Reverse pre-Search declaration format: Positive declaration "(? <=)", Negative Declaration "(? <!)", the declaration itself is not part of the final matching result, see the following example:


string x = "1024x768 used 2048 free";
Regex r1 = new Regex (@ "\d{4} (? = used)");
if (R1. Matches (x). Count==1)
{
Console.WriteLine ("R1 match:" + R1. Match (x). Value);//output: 1024
}
Regex r2 = new Regex (@ "\d{4} (?! used)");
if (R2. Matches (x). Count==1)
{
Console.WriteLine ("R2 match:" + R2. Match (x). Value); Output: 2048
}
A positive declaration in R1 indicates that the "used" must be followed immediately after the four-digit number, and that a negative declaration in R2 indicates that a four-digit number cannot be followed by a "used".

(11) Hexadecimal character range
In regular expressions, you can use "\xxx" and "\uxxxx" to denote one character ("X" means a hexadecimal number) as a character range:
\xxx characters with a range of 0 to 255, for example: spaces can be represented by "\x20".
\uxxxx any character can be represented by using "\u" plus its numbered 4-digit hexadecimal number, for example: Kanji can be represented using "[\u4e00-\u9fa5]".


(12) A more complete match for [0,100]
The following is a more comprehensive example of a match [0,100] where special considerations are required including
*00 Legal, 00. Legal, 00.00 Legal, 001.100 legal
* Empty string illegal, only the decimal point is not legal, more than 100 illegal
* values are suffixed, such as "1.07f" means that the value is a float type (not considered)

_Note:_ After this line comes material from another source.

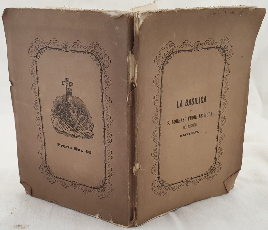 Edizione originale del 1861 di questa pubblicazione storica scritta da Salvatore da Morrovalle Cappuccino. L'opera è un saggio sull'origine e storia del Campo Verano a Roma con particolare riferimento alla Basilica di San Lorenzo fuori le Mura. Tra gli argomenti trattati: Arti e usi dei cristiani primitivi, Catacombe Laurenziane, San Lorenzo edificata per ordinee di Costantino Magno, I restauri di Pelagio, Portico, Interno della Chiesa, Sacrestia, Monastero ecc. Appendice di Tito Bollici sul Campo Santo. In buone condizioni. Copertina editoriale in discrete condizioni generali con usure e mancanze al dorso. Legatura in buone condizioni. Pagine in buone condizioni con rare fioriture. In 8. cm 20,5x14. Pp. 157+(2).Original edition of 1861 of this historical pamphlet written by Salvatore da Morrovalle Cappuccino. The work is an essay about the origin and history of Campo Verano in Rome with particular refeering to the Basilica di San Lorenzo fuori le Mura. The issues treated: Arts and usages of primitive christians, Catacombe Laurenziane, San Lorenzo edificata per ordinee di Costantino Magno, Restauration of Pelagio, Portico, Interno della Chiesa, Sacrestia, Monastero ecc. Appendix by Tito Bollici about cemetery. In good conditions. Editorial cover in fair conditions with wearings and tears in the spine. Binding in good conditions. Pages in good conditions with occasional foxing. In 8. cm 20,5x14. Pp. 157+(2).<BR><BR>

Regex r = new Regex (@ "^\+?0* (?: 100 (\.0*)? | (\d{0,2} (? =\.\d) |\d{1,2} (? = ($|\.$))) (\.\d*)?) $");
string x = "";
while (true)
{
x = Console.ReadLine ();
if (x! = "Exit")
{
if (R.ismatch (x))
{
Console.WriteLine (x + "succeed!");
}
Else
{
Console.WriteLine (x + "failed!");
}
}
Else
{
Break
}
}

(13) Exact matching is sometimes difficult.
Some requirements to achieve accurate matching is difficult, such as: date, URL, email address, and some of them you even need to study some special documents to write accurate and complete expression, for this situation, can only be returned to the second, to ensure a more accurate match. For example, for a date, you can consider a short period of time based on the actual application system, or for a match like email, you can consider only the most common form.

Getting Started with C # regular expressions

Related Article

Contact Us

The content source of this page is from Internet, which doesn't represent Alibaba Cloud's opinion; products and services mentioned on that page don't have any relationship with Alibaba Cloud. If the content of the page makes you feel confusing, please write us an email, we will handle the problem within 5 days after receiving your email.

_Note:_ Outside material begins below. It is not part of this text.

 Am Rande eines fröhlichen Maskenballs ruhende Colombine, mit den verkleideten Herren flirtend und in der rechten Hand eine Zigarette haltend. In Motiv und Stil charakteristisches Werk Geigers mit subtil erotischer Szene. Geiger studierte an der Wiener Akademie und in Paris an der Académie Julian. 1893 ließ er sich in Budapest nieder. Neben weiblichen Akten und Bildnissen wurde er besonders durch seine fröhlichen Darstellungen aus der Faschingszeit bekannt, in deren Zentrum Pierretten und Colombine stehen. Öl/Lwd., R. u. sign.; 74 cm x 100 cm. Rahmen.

If you find any instances of plagiarism from the community, please send an email to: info-contact@alibabacloud.com and provide relevant evidence. A staff member will contact you within 5 working days.

A Free Trial That Lets You Build Big!

Start building with 50+ products and up to 12 months usage for Elastic Compute Service

  • Sales Support

    1 on 1 presale consultation

  • After-Sales Support

    24/7 Technical Support 6 Free Tickets per Quarter Faster Response

  • Alibaba Cloud offers highly flexible support services tailored to meet your exact needs.